- Study material -
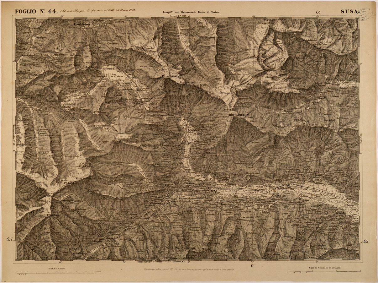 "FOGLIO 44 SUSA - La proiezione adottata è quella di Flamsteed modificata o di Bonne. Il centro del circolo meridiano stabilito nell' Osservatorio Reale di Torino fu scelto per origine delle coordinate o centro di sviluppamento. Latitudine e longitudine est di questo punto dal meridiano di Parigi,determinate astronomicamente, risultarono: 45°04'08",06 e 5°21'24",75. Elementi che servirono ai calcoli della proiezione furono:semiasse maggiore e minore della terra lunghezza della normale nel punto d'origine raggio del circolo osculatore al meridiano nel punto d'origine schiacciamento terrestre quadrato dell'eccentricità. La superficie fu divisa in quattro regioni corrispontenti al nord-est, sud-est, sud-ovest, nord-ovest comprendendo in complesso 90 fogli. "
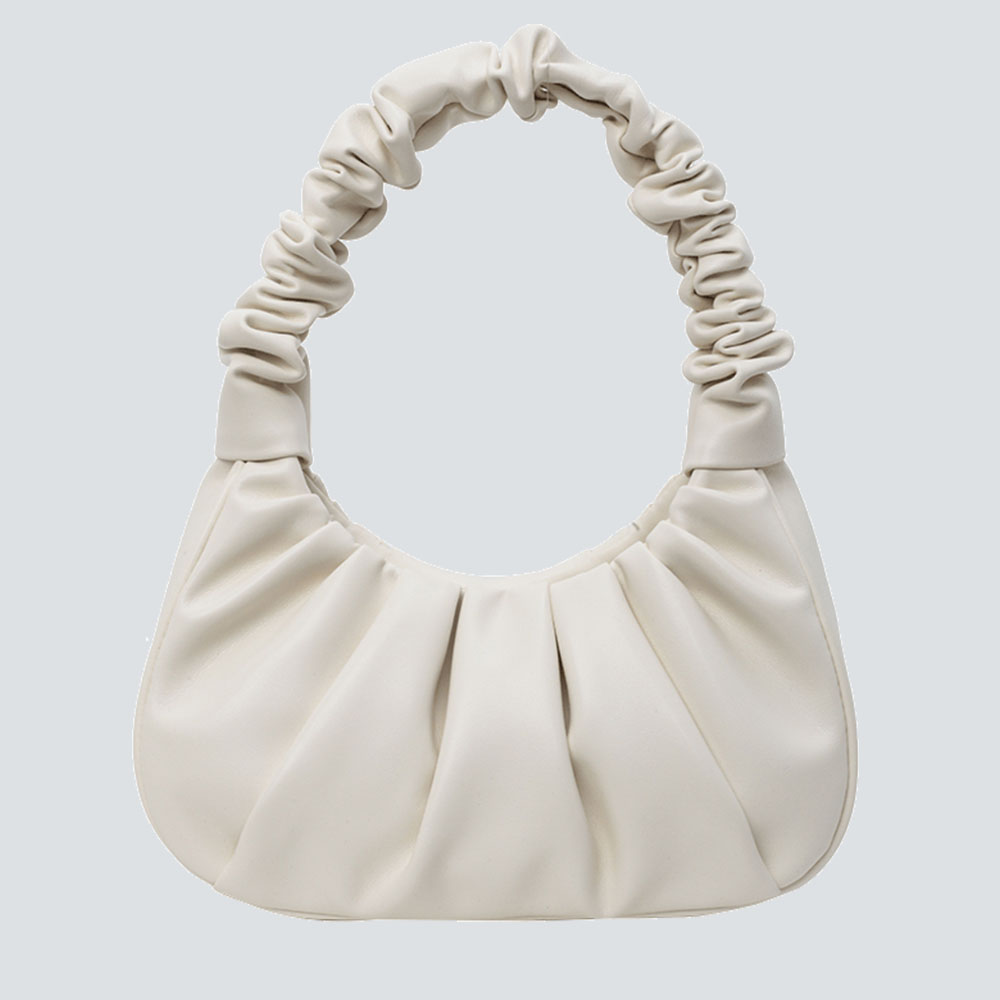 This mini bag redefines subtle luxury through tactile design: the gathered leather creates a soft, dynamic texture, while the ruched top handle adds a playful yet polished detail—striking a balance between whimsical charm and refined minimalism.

==

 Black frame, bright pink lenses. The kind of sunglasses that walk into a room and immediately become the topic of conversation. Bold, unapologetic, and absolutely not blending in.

- What you are asked to do -
Look above for the line containing "- La proiezione" and the line containing "This mini bag", then reproduce both and everything between them exactly, pictures omitted.

- Task output -
 "FOGLIO 44 SUSA - La proiezione adottata è quella di Flamsteed modificata o di Bonne. Il centro del circolo meridiano stabilito nell' Osservatorio Reale di Torino fu scelto per origine delle coordinate o centro di sviluppamento. Latitudine e longitudine est di questo punto dal meridiano di Parigi,determinate astronomicamente, risultarono: 45°04'08",06 e 5°21'24",75. Elementi che servirono ai calcoli della proiezione furono:semiasse maggiore e minore della terra lunghezza della normale nel punto d'origine raggio del circolo osculatore al meridiano nel punto d'origine schiacciamento terrestre quadrato dell'eccentricità. La superficie fu divisa in quattro regioni corrispontenti al nord-est, sud-est, sud-ovest, nord-ovest comprendendo in complesso 90 fogli. "
 This mini bag redefines subtle luxury through tactile design: the gathered leather creates a soft, dynamic texture, while the ruched top handle adds a playful yet polished detail—striking a balance between whimsical charm and refined minimalism.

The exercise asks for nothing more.